Be careful about the times. The marble is dropped at time $T_1$ and it hits the floor $T_2$ seconds later, i.e. at time $T_1 + T_2$.

 

[HalfLostAndSearching]

It seems like you are on the right track with using the equations for position and velocity with respect to time. However, it's important to remember that the elevator is moving at a constant speed, so its velocity is not changing. This means that the initial velocity (v0) is equal to the final velocity (vf).

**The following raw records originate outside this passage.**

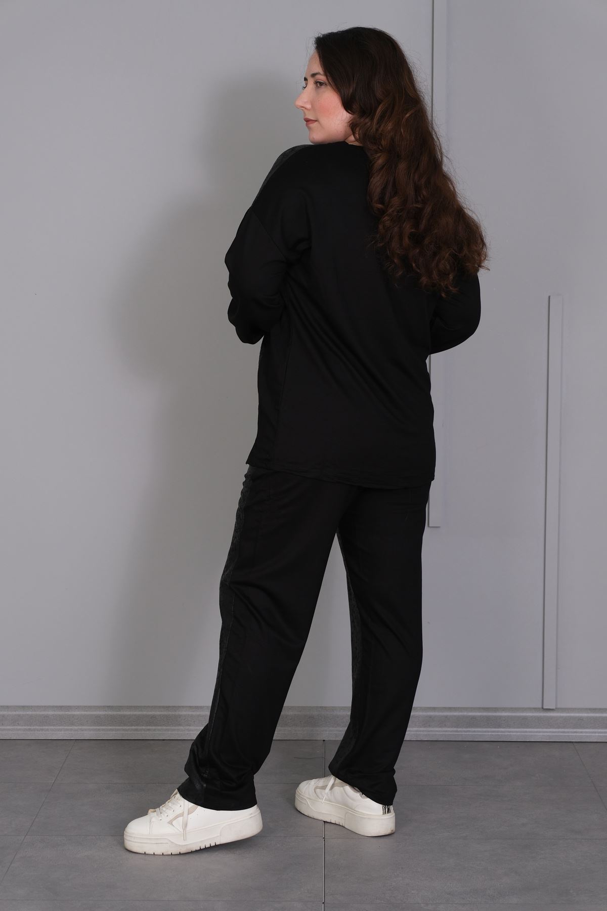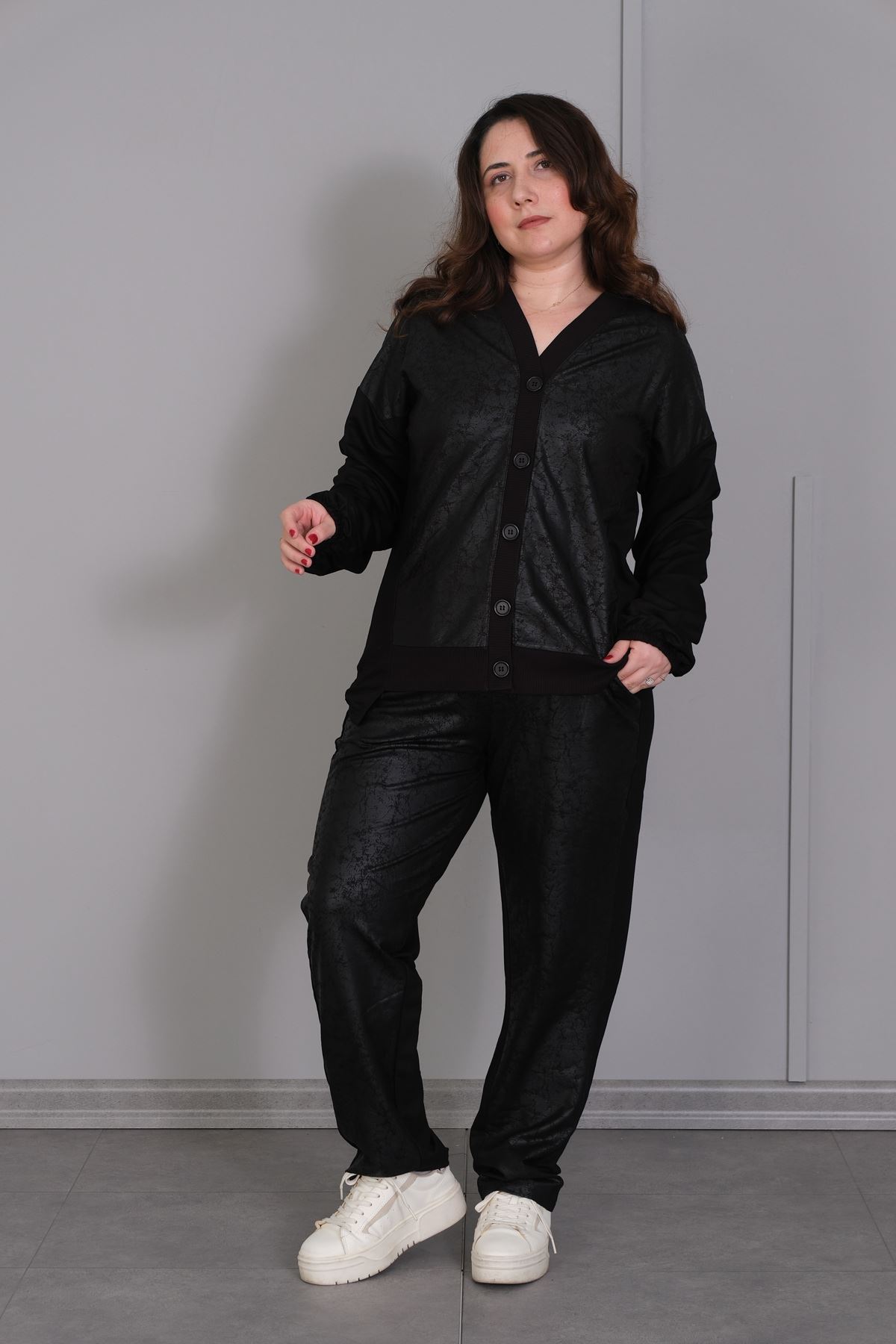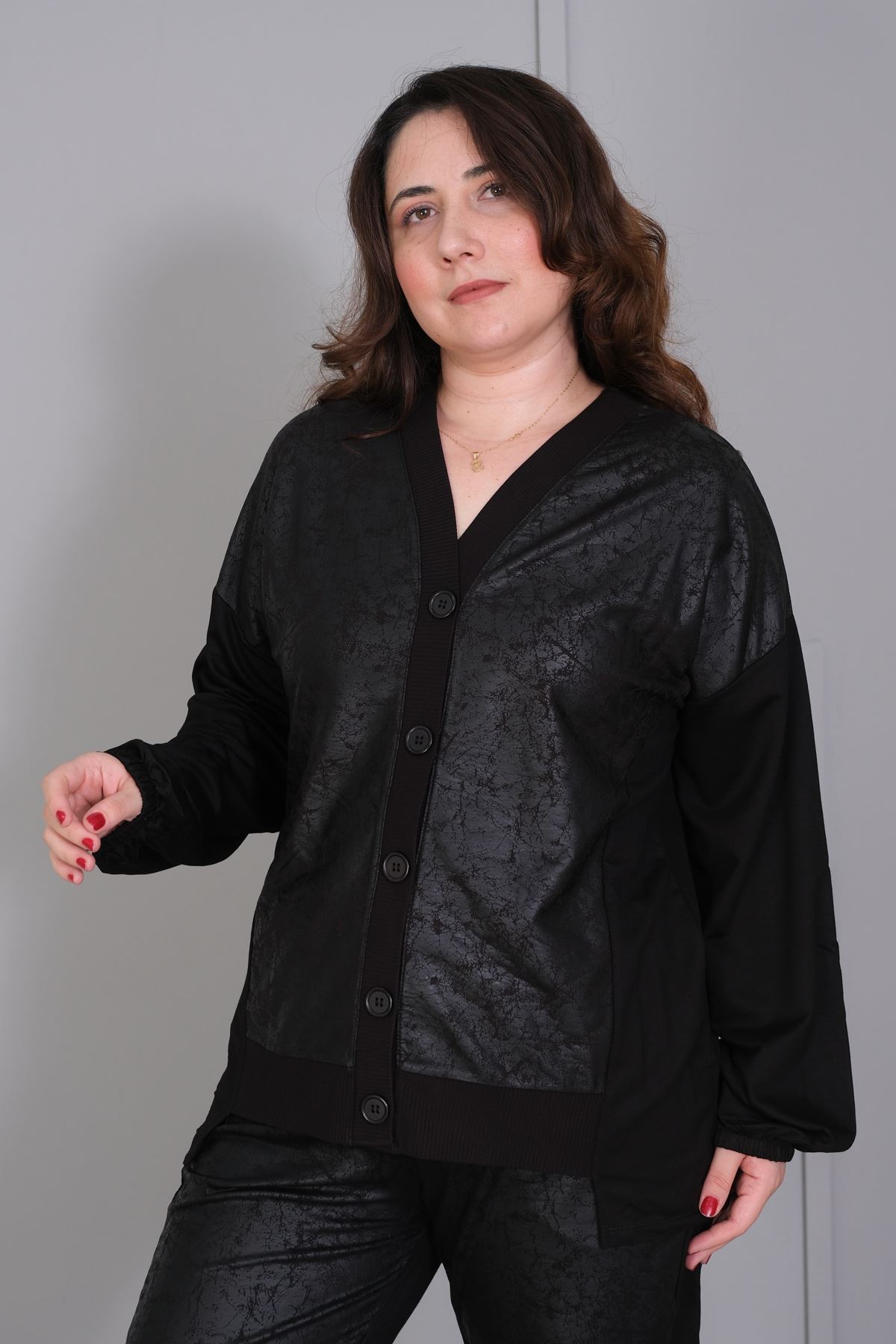 RENKTE BÜYÜK BEDEN DERİ GARNİLİ DÜĞMELİ SİYAH TAKIM
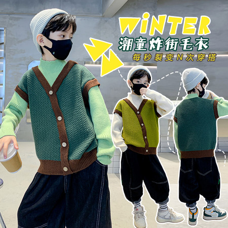 星星年华&DX07230拼色假两件套针织毛衣
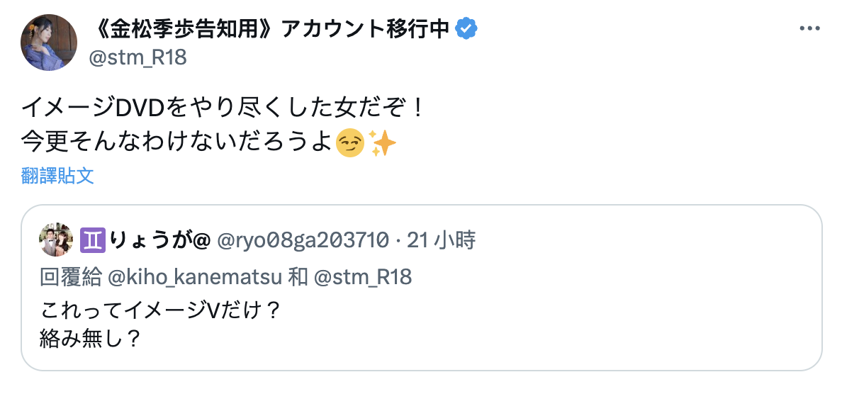 金松季歩是在自己的X(https://twitter.com/stm_R18)说了,Muteki这家片商就是片子没发出来前不会给你看封底的,意思就是说问题不是出在我身上,要怪就怪片商喜欢吊胃口—不过大家想看封底的道理也很简单,就是要确定金松季歩的这次作品到底演了什么?是写真还是AV、如果是AV那是打真军还是玩假炮?虽然答案很快会随著作品上市揭晓,但大家还是想提前知道⋯
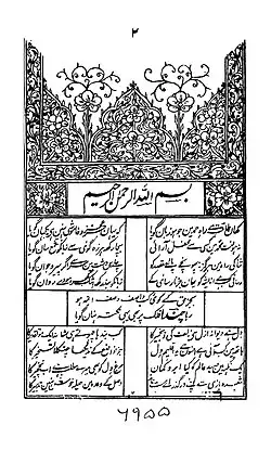 Mah Laqa was influenced by the literary work of mystic poet Siraj Aurangabadi (1715–1763),[2]: 121 [17]: 4109 and learned poetry from Nawab Mir Alam who later became the Prime Minister of Hyderabad State. Her first language was Urdu, and she was also fluent in Arabic, Persian and Bhojpuri languages.[4]: 118 & 123 She was the first woman poet to author a diwan, a complete collection of Urdu ghazals. The collection, named Gulzar-e-Mahlaqa, comprises 39 ghazals, and each ghazal consists of 5 couplets. The collection was published in 1824 after her death.[2]: 121–2 [18] The Diwan e Chanda is a manuscript collection of Mah Laqa's 125 Ghazals, compiled and calligraphed by her in 1798. It was signed and gifted to Captain Malcolm on 18 October 1799, during a dance performance at Mir Alam's residence. It is now preserved in the British Museum.[19][20]: 521–2
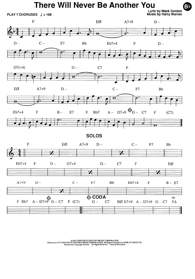 There will never be another you author. 155 bpm 4 chorus. The bb 7 eb7 abmaj7 is a ii v i in ab and so improvising from the ab major scale pitch collection is appropriate.
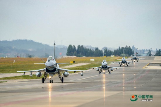 空军航空兵某部组织训练。图为机群滑出。解放军报特约记者 王国云 摄
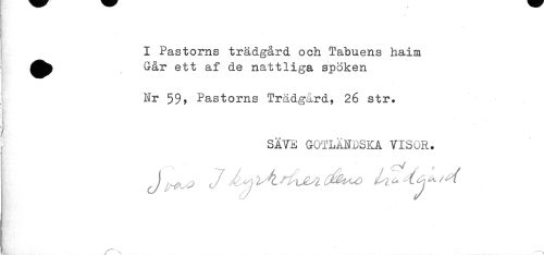 //// I Pastorns trädgård och Tabuens haim //// ^^ Går ett af de nattliga spöken //// T //// Nr 59, Pastorns Trädgård? 26 str. //// < //// ' SÄVE GOTLÄNDSKA VISOR. ////

Using the first equation you provided, we can set the initial velocity (v0) to vf and solve for time (T1). This will give us the time at which the marble is dropped.

Then, using the third equation, we can find the initial height (y0) of the elevator by setting the position at T1 to be equal to the position of the marble when it is dropped (which is 0).

So, we have:

v0 = vf = g(T2 - T1)

y0 = g(T1^2)/2

Substituting the value of T1 from the first equation into the second equation, we get:

y0 = g[(gT2^2)/(2g^2)]

y0 = T2^2/2g

Therefore, the height of the elevator at T1 is T2^2/2g, which is equal to 39.2m when T1 = T2 = 4s.

I hope this helps clarify the solution for you. Remember to always check your units and make sure they are consistent throughout your calculations. Good luck with your studies!